With the stupid keyboard on the N82, the dual LED flash on the N85 and N79, and the presence of Xenon on the 6620 Classic but lack of various other things on it, Nokia is determined not to let us have the perfect phone. Why? Because one handset would triumph over the rest and kill the diversity of their range of phones. But don't ever believe it's due to technical, economic, or battery reasons, because it's not. If they wanted to make the perfect phone, they could easily.
If it's so easy to make a "perfect" phone with every possible feature that weighs nothing and is cheap to buy, why isn't one of Nokia's many rivals doing it already? Why didn't Motorola do that to win back their market share instead of collapsing? Why isn't Samsung doing it to take over the number 1 spot?
The answer is that it isn't easy, in fact it's impossible. Every device ever made has been a trade off between size, price, features and (in the case of mobile devices) battery life, anyone who has followed the history of consumer electronics knows that.
Or are you going to claim Nokia has some magical monopoly on making mobile phones?
Or is it perhaps a worldwide conspiracy involving all phone manufacturers? 😊
It's also impossible because not everyone wants the same thing. Asking for a perfect phone is like asking for a perfect car: would that be a jeep, or an estate, or a limo, or a sports car? Would it have a petrol, diesel or hybrid engine?
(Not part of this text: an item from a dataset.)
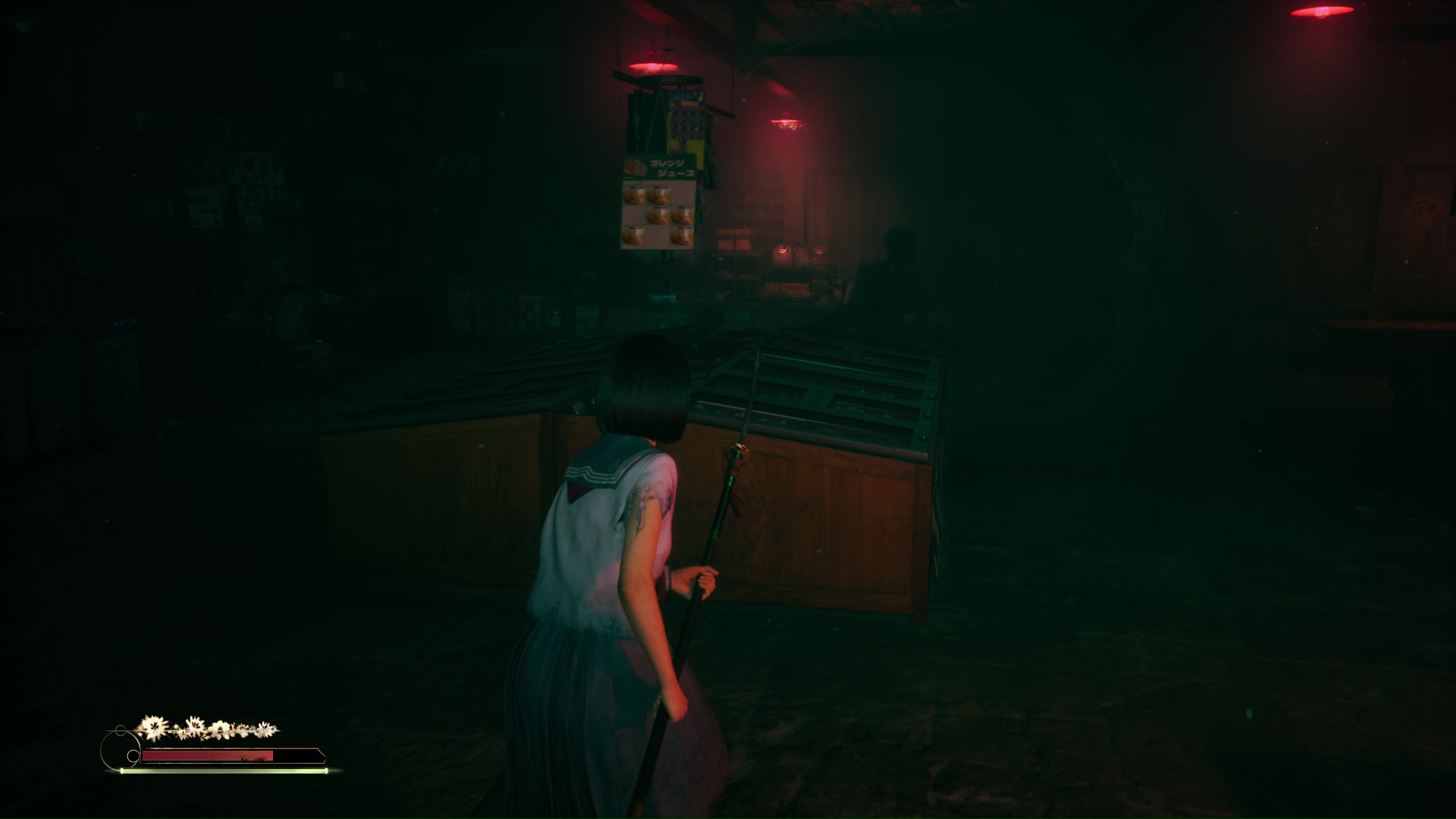 Avancez dans le vestiaire suivant puis tuez un monstre hurlant sous la lanterne avant d’activer le levier pour afficher la couleur verte et d’éliminer de nouveau un monstre. N’oubliez pas le Journal de Sakuko sur l’un des bancs. À ce stade, nous vous conseillons de passer la porte verte, suivre le couloir en face (n’oubliez pas de ramper à gauche pour trouver un Journal de Sakuko) pour ressortir dans la pièce de départ, sauvegarder et réenclencher les mêmes leviers pour vous rouvrir le chemin jusqu’au couloir vert près du vestiaire, désormais ouvert.

The diversity of phone models reflects the diversity of a market that sells over a billion phones a year, being bought by everyone from rich Americans to poor Ethiopians. When you're talking about a market like that you can't possibly come up with a single model that satisfies such diverse needs and tastes.
But even if it were possible, why would any manufacturer want to avoid it? Why wouldn't Nokia make "the perfect phone"? Making lots of different models simply makes manufacturers' lives more difficult: it means more expensive marketing, more expensive testing, more compatibility problems, more manufacturing problems, more distribution problems. Manufacturers would love to make just one phone a year and sell that to everyone. Very very very few people own more than one phone at a time, so this idea that manufacturers are trying to bounce people into buying several phones at once doesn't really make any sense.
Even if there was one single perfect phone model, mobile technology moves on so quickly that it would get out of date within a year, which is the kind of time scale where people upgrade anyway.